No final do século XVIII e início do século XIX, surgem concepções

educacionais que corroboraram para uma mudança na educação, dentre elas

está a concepção de Pestalozzi, que influenciado pelas concepções de

Rousseau, afirmou que a educação deveria cuidar do desenvolvimento afetivo

das crianças desde o nascimento e deveria ocorrer em um ambiente natural,

com estrita disciplina, amor e que as possibilitasse exteriorizarem o

conhecimento que já possuíssem, desenvolvendo assim o seu caráter infantil.

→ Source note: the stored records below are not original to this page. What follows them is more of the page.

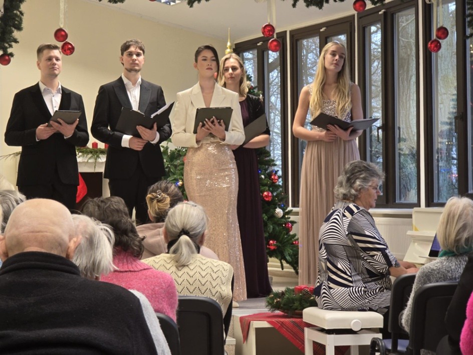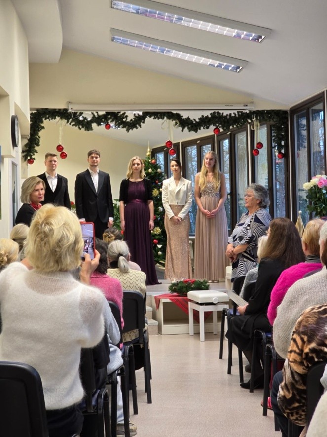 2025 m. gruodžio 17 d. Kauno miesto socialinės globos centre skambėjo sakraliniai adventiniai akordai. VDU Muzikos akademijos profesorės Sabinos Martinaitytės ir profesorės Audronės Eitmanavičiūtės studentai – Mykolas Mikšys, Ugnė Stražnickaitė, Greta Zabielaitė, Ieva Vaivadaitė ir Paulius Katiliavas – kartu su centro lankytojais giedojo Padėkos maldą, sukurdami šventinę atmosferą, kupiną ramybės ir bendrystės.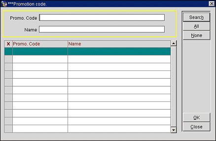 This screen displays the promotion codes that are not yet attached to the profile. From the Promotion Code screen you can search for a promotion code and select it to attach to the profile.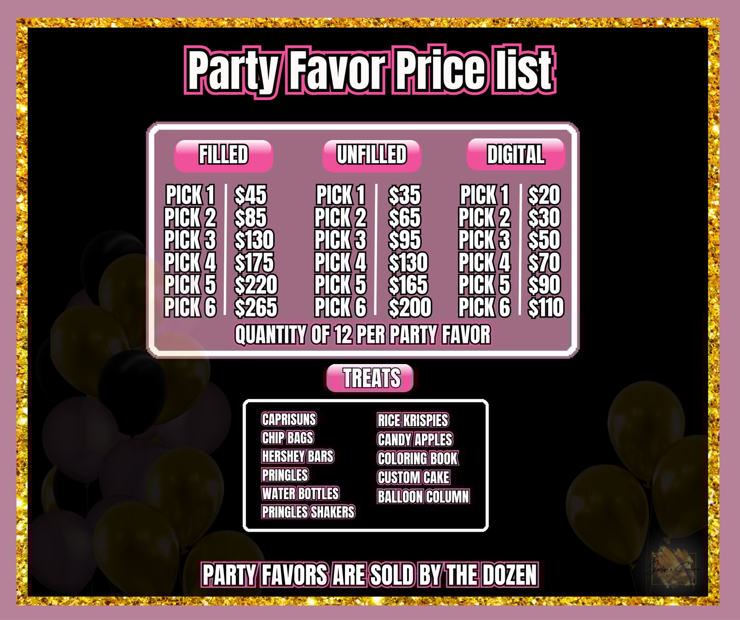 🖤 Party Favor Menu – Lists each item (sold by the dozen) with prices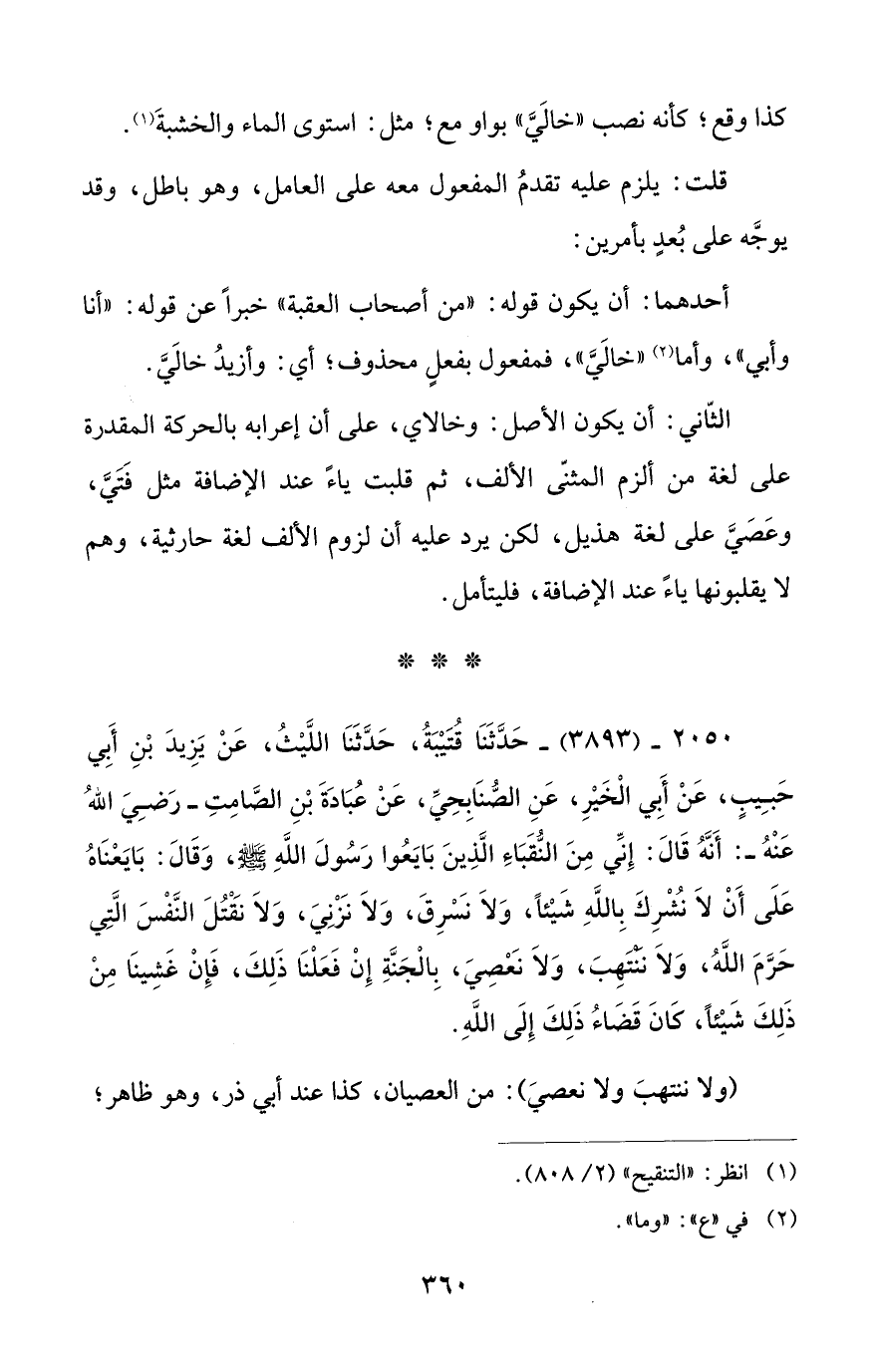 2050 - (3893) - حَدَّثَنَا قُتَيْبَةُ، حَدَّثَنَا اللَّيْثُ، عَنْ يَزِيدَ بْنِ أَبِي حَبِيبٍ، عَنْ أَبي الْخَيْرِ، عَنِ الصُّنَابِحِيِّ، عَن عُبَادَةَ بْنِ الصَّامِتِ - رضي الله عنه -: أَنَّهُ قَالَ: إِنِّي مِنَ النُّقَبَاءَ الَّذِينَ بَايَعُوا رَسُولَ اللَّهِ - صلى الله عليه وسلم -، وَقَالَ: بَايَعْنَاهُ عَلَى أَنْ لَا نُشْرِكَ بِاللَّهِ شَيْئًا، وَلَا نسرِقَ، وَلَا نَزْنِيَ، وَلَا نَقْتُلَ النَّفْسَ الَّتِي حَرَّمَ اللَّهُ، وَلَا نَنْتَهِبَ، وَلَا نَعْصِيَ، بِالْجَنَّةِ إِنْ فَعَلْنَا ذَلِكَ، فَإِنْ غَشِينَا مِنْ ذَلِكَ شَيْئًا، كَانَ قَضَاءُ ذَلِكَ إِلَى اللَّهِ.

Ele destacou também o valor da atividade manual e a importância de a criança

se desenvolver com prática e destreza.

Ainda no século XIX Froebel, influenciado por Pestalozzi, criou o

“jardim de infância” onde as crianças eram expostas a condições favoráveis de

seu meio ambiente e teriam a oportunidade de aprender sobre si e o mundo. O

jardim de infância tinha uma dimensão pedagógica que incluía atividades de

cooperação e o jogo, como originários da atividade mental. Ele preconizou uma

auto-educação da criança pelo jogo, valorizou a atividade manual, criou

canções, jogos para educar sensações e emoções, e propunha atividades que

incluíssem conversas, poesias e o cultivo de horta pelas crianças.

Com as concepções de Pestalozzi e Froebel surge uma nova função

da pré-escola mais ligada à ideia de educação do que de assistência e, surge

assim, o conceito de educação compensatória. A função assistencial e

compensatória da creche e pré-escola em alguns aspectos se assemelha, pois

ambas procuram suprir as deficiências de origem social, sejam estas físicas ou

intelectuais.

24

No pós-Segunda Guerra Mundial, a educação assumiu um caráter

salvacionista, porém nós, educadores, não podemos trabalhar com as crianças

pensando no que o adulto quer que ela seja, mas pensando no entendimento

da criança com uma visão ativa e crítica.

Neste mesmo período surgiu uma série de teóricos que analisavam

o desenvolvimento das crianças, psicologicamente, e dentre eles estão:

Vygotsky(1994), que afirmava que a criança é introduzida na cultura por

pessoas com uma experiência cultural maior; Wallon(1995), que destaca a

importância da afetividade nas relações de aprendizagem das crianças;

Celestin Freinet(1985), que considera que a educação deveria ir além do

espaço da sala de aula e deveria integrar as experiências vivenciadas pelas

crianças em seu meio social.

No nosso país os relatos sobre a vida infantil começam no início do

século XVI, no momento de seu processo de colonização no qual atracaram

em nosso continente caravelas com um grande contingente de crianças, nas

quais compunham 10% da tripulação das embarcações, em geral meninos

recolhidos na periferia de Lisboa para dar conta dos piores e mais perigosos

serviços da viagem. Essas crianças eram chamadas de “grumetes” e dormiam

ao relento, comiam pão embolorado e, nas noites de tempestades, se

penduravam nos mastros das embarcações, manejando cordas e roldanas.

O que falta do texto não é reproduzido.